The Association has a second role, namely managing a Reserve of assets to keep the value of the Libra as stable as possible. If I change a libra into euros, I should get the same value for it tomorrow as I get for it today. In this blog I explain the role of Reserve, list the current members of the Association, and spell out how they plan to make decisions.

The Libra Reserve

The Libra will be pegged to a reserve of stable and liquid assets, including bank deposits and government securities (government debt) in currencies from “stable and reputable central banks” (The Libra Reserve, page 2).

Stability is promoted by investing in debt from several governments. This means that the value of the Libra with respect to any particular fiat currency may fluctuate a bit. The Association intends to reduce the probability of severe fluctuations.
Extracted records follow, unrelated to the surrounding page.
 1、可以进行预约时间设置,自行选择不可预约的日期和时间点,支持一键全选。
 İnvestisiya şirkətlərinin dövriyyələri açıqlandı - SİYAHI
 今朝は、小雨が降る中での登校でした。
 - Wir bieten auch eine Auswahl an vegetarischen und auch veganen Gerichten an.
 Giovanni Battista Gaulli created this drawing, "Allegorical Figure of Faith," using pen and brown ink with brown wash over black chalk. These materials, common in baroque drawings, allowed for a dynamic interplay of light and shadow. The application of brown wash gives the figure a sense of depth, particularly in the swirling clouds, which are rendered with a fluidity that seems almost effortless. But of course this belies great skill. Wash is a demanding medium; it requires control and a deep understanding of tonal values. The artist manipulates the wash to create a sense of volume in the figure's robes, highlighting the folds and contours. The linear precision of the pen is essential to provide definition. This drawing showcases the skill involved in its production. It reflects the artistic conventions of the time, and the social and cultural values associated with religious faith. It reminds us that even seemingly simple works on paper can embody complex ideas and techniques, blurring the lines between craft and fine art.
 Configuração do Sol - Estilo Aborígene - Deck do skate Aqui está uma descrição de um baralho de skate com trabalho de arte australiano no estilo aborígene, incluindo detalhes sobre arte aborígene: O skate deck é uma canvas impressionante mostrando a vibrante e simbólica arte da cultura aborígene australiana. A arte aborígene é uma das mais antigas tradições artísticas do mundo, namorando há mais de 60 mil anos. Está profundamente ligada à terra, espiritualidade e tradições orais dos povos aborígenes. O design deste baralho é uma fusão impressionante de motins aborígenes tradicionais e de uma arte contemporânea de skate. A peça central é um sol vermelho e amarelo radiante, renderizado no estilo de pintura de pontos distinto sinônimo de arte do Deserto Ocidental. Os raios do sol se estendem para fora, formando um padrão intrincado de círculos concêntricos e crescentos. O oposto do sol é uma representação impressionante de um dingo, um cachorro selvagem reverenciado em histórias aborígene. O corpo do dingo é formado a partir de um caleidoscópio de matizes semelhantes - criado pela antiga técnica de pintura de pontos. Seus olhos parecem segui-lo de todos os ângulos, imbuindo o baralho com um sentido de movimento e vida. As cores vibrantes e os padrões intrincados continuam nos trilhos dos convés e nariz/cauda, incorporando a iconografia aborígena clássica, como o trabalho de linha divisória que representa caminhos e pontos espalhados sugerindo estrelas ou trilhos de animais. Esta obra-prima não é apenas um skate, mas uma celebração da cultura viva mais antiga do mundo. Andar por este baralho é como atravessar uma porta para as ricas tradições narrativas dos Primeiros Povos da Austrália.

However, the Libra aims to empower billions of people, so this is a game of big numbers. What if billions of people sell the Libra at the same time? What if government of countries with a weak currency start buying libras on a large scale? A private entity such as the Association has no means to stabilize a global currency in all circumstances. They have no access to unlimited stores of the unpegged currencies. To combat instability, as a last resort a public bailout of a privately managed currency would be needed. This is extremely undesirable. It is time to list the companies who think they are so powerful.

Association members

The members of the Libra Association are the organizations that run the validator nodes of the Libra network. The following companies have expressed the intention to become a member (and hence to validate Libra transactions (An Introduction to Libra, page 4):

This is quite a dazzling list of companies to manage your money. The group has a lot of economic power.

An established business can become a member if it satisfies at least two of the following criteria (How to Become a Founding Member, page 3):

  • Have more than $1 billion USD in market value or greater than $500 million USD customer balances;
  • Reach more than 20 million people a year, multinationally;
  • Be recognized as a top-100 industry leader by a third party sector-specific association or media company.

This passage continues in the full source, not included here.